66 O próprio Luhmann contribui, aliás, para o acervo que constitui a base desta nova racionalidade. O conceito de limiar de catástrofe introduz uma separação entre um modelo de cálculo dos riscos orientado pelas expectativas de custos e benefícios e um outro que se lhe sobrepõe, quando o (eventual) resultado desfavorável é visto como “catástrofe”, afectando esse cálculo – v. Luhmannn (1996) p. 125. Mantém-se, no entanto, aberta a dúvida: será que há, nesse caso, uma alteração de paradigma, ou será que as diferenças verificadas correspondem apenas à introdução de valores extremos na matriz utilizada pelo indivíduo para análise do problema?

48 realidade nova que não encontrava expressão adequada no léxico existente.
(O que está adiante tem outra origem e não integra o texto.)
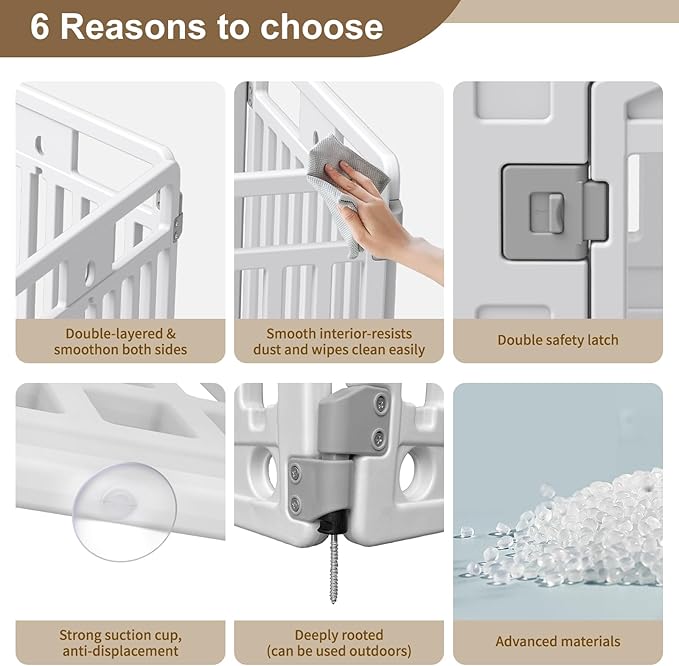 • EASY TO INSTALL: Our dog fence comes with 5 panels and 1 panel with door,pet playpen constructed with simple assembly instructions will set up in minutes. You can quickly place the pet fence where you want.Door panel with latch type door lock to prevent puppy from entering and exiting at will
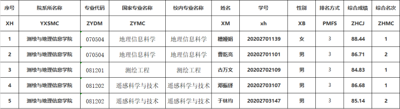 测绘与地理信息学院根据学校《关于2024届本科毕业生推荐免试硕士研究生工作安排的通知》及《关于做好2024届推免名额分配及报送推免结果的通知》等相关文件规定,经学院推免工作领导小组讨论研究,现将推免结果公示如下,公示期间如对结果有异议,请到学院教务办(笃行楼1618)反映,联系电话:0931-4957216。
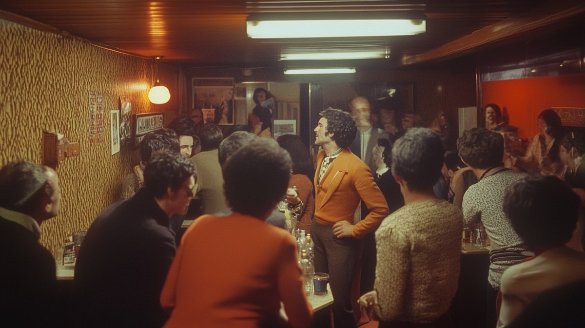Создано на основе запроса: 1970s karaoke singer singing to people in uk busy karaoke bar, singer, wall to the left, colour photograph
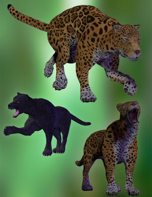 'Jaguar by AM' is a Poser/DAZ 3D model reproducing a Panthera Onca (Jaguar), both in standard fur colours and melanistic variation. Features a hand painted fur texture, 10 morphs and 16 poses to replicate most common Jaguar aspects and behaviors.
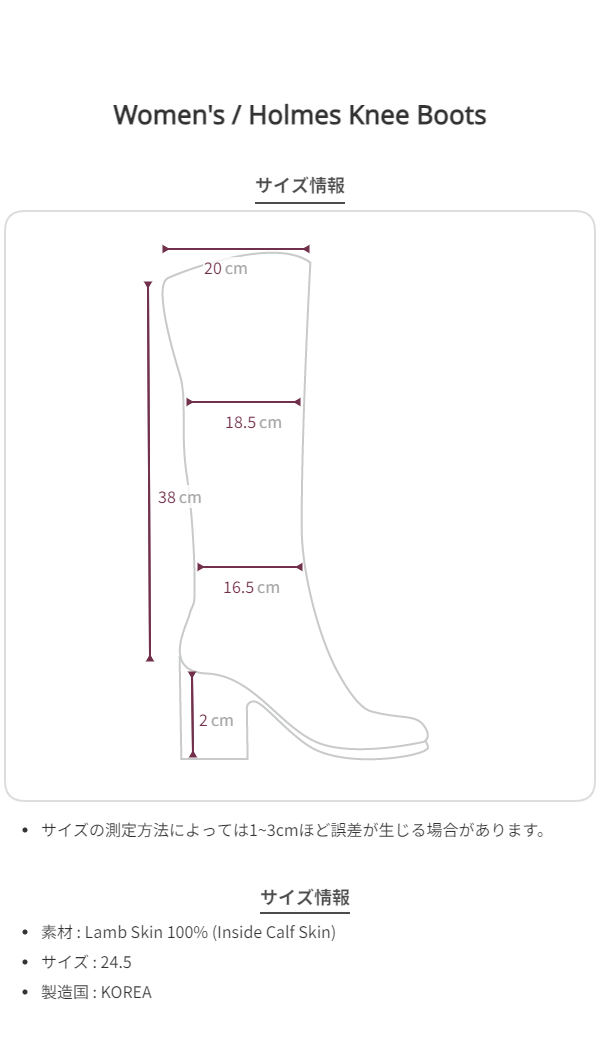 これらはホームズの膝ブーツで、四季を問わず自由で官能的なルックを完成させます。このブーツは、マットブラックの独特なミニマリストな魅力を最大限に活かし、スエードレザーとは異なる無地でモダンなマットブラックカラーで仕上げています。南イタリア産の子牛革で繊細に作られており、しっかりとした柔らかいフィット感を持ち、普通の革よりもシワが少ないため、長期間にわたりクリーンなスタイルを保てます。ラウンドトゥと幅広のデザインがカジュアルな魅力を際立たせています。タイトなブーツではないため、より官能的で快適にスタイリングでき、履き心地も良く、脚のラインも細く見えます。靴底には小さな縁があり、滑らかなシンボルロゴペンダントが入っています。色は黒でマットな質感があり、一見すると非常にモダンなラバーブーツを履いている印象を与えます。黒色でマットな質感を持ち、光や質感がなく、非常にモダンなラバーブーツを履いている印象を与えません。イタリアレザーの優れた品質と、ホームズニーブーツのクラシックでラフなムードをお楽しみください。外側のカーフスキン(イタリア産)内側のカーフスキン快適なウッドアウトソール底部には滑らかな滑らかなロゴペンダントがあります。ホームズニーブーツのリラックスしたフィット感とフィット感を感じたいなら、ワンサイズ上をおすすめします。カーフレザーはマットな光沢としっかりした形を持ち、履くほど自然に感じられます。しわや傷が発生することもあります。本革の性質上、しわ、シミ、わずかな傷、色の違い、グレインマーク、腱、革の内側や仕上げの剥がれ、粉末、汚染に見えるわずかなシミなどがあります。汚染や中耳炎のリスクがあるため、湿気(目や雨に注意)を注意して大切に扱う必要があります。製品の性質上、靴のかかとやアウトソールに傷やシミがつくことがあるため、*1:1 この製品は注文ごとに商品をキャンセル・交換・返品・返金できません。カスタム生産期間は10〜14営業日かかります
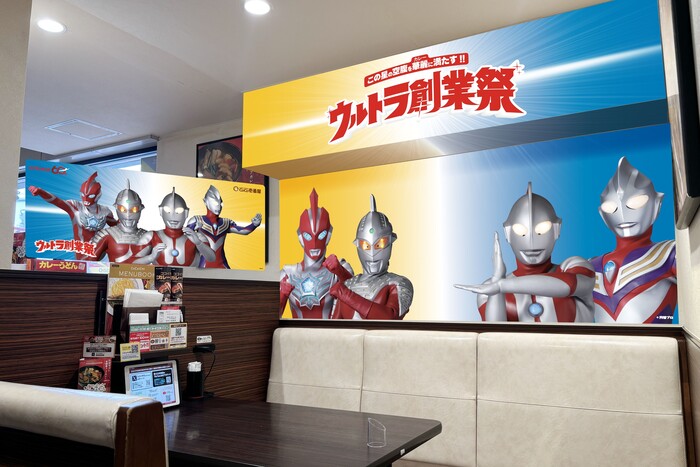 「祖師ヶ谷大蔵」の「ウルトラマン商店街」にある「カレーハウスCoCo壱番屋 小田急祖師ヶ谷大蔵駅前店」(東京都世田谷区)では、店舗の内外装をウルトラマンシリーズの特別仕様にラッピング。店内にはウルトラヒーローがデザインされた半個室ブースを設置!さらに、キャンペーン期間中、1,000円(税込)以上の注文で、希望者にオリジナルクッションシールを1枚進呈します。
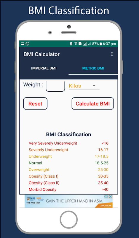 BMI Calculator (Body Mass Index) App direka untuk mengira Indeks Jisim Badan seseorang. BMI Calculator membantu anda memantau peratusan BMI dan lemak dalam badan. Aplikasi ini dengan cekap dan betul mengira Indeks tepat Body Mass (BMI) bahawa individu menggunakan maklumat tentang anda badan: jantina, umur, ketinggian dan berat badan.
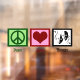Peace Love Theatre window cling for a drama club or theatre member with a peace sign, heart, and theatrical masks.

E a sua capacidade operativa vai sendo testada à medida das necessidades conceptuais, atingindo actualmente o máximo de esforço face à denominada sociedade de risco.

Curiosamente, Beck, o grande teorizador da sociedade de risco, embora concorde com várias das características atribuídas geralmente ao conceito de risco, considera difícil a delimitação entre este e o de perigo, por, na sociedade actual, se terem tornado categorias intermutantes. Mas, por outro lado, Beck torna mais complexo o conceito, entendendo que é importante distinguir entre duas concepções de risco:

a) a probabilística (ligada à teoria de que tudo é mensurável e calculável);

b) a de risco no sentido de incertezas que não podem ser medidas nem calculadas (“incertezas fabricadas”) – presente numa sociedade onde a incerteza é omnipresente e onde as inovações desencadeiam consequências imprevisíveis e incontroláveis.

A distinção que proponho deve ser considerada apenas como de carácter operativo; não se pretende que ela tenha mais valor do que uma qualquer classificação destinada a estabelecer códigos comuns.

O perigo corresponde a uma probabilidade elevada68 de um dano objectivo se verificar.

68 Segundo uma parte da doutrina, essa probabilidade deve situar-se acima dos 50%. Faria Costa analisa desenvolvidamente esta questão, a partir da posição da jurisprudência alemã. Concordando embora com a ideia de que haverá sempre uma situação de perigo relevante quando a probabilidade de um resultado desvalioso é superior à probabilidade da sua não produção, Faria Costa questiona se, mesmo com uma probabilidade inferior a 50%, não poderá afirmar-se haver uma situação de perigo, e conclui que “há perigo sempre que, através de um juízo de experiência, se possa afirmar que a situação em causa comportava uma forte probabilidade de o resultado desvalioso se vir a desencadear ou a acontecer” - COSTA (1992) p. 596 ss.

49 O risco corresponde a uma probabilidade, mensurável, de uma acção desencadear um dano (um resultado desvantajoso) virtual; é um perigo potencial69.

Note-se que, embora o perigo acompanhe a verificação de um risco elevado, não faço coincidir as duas realidades, pelo que não subscrevo o critério quantitativo. A distinção é de natureza, não de quantidade.

Exemplificando: em sede de imputação objectiva, quando se diz “criar um risco (proibido) que se concretiza no resultado”, esse risco consiste numa probabilidade de o resultado se verificar na sequência da acção (probabilidade aferida em abstracto, de acordo com as regras da causalidade e adequação). O objecto corre perigo (ex ante) e, a final, é vítima de dano. O risco reporta-se à acção do indivíduo, o perigo ao objecto.

O risco tem ínsito um carácter dinâmico, enquanto o perigo é preponderantemente passivo. Estará relacionada com esta diferença, intuindo-a, a teoria que distingue entre risco e perigo por, alegadamente, o primeiro se reportar a efeitos da acção humana e o segundo a eventos naturais. E, de algum modo, também podemos estabelecer uma relação com o facto de o termo risco só ter surgido muito mais tardiamente, quando os seres humanos se viram confrontados com opções que envolviam um alto grau de incerteza. De facto, a polémica sobre as origens do termo reveste pouco interesse para a definição da realidade subjacente ao uso intensivo do mesmo – como muitas vezes sucede, foi o conteúdo que procurou uma forma (de expressão).

69 Deste ponto de vista, haveria crimes de perigo concreto, mas os chamados crimes de perigo abstracto seriam na realidade “crimes de risco”.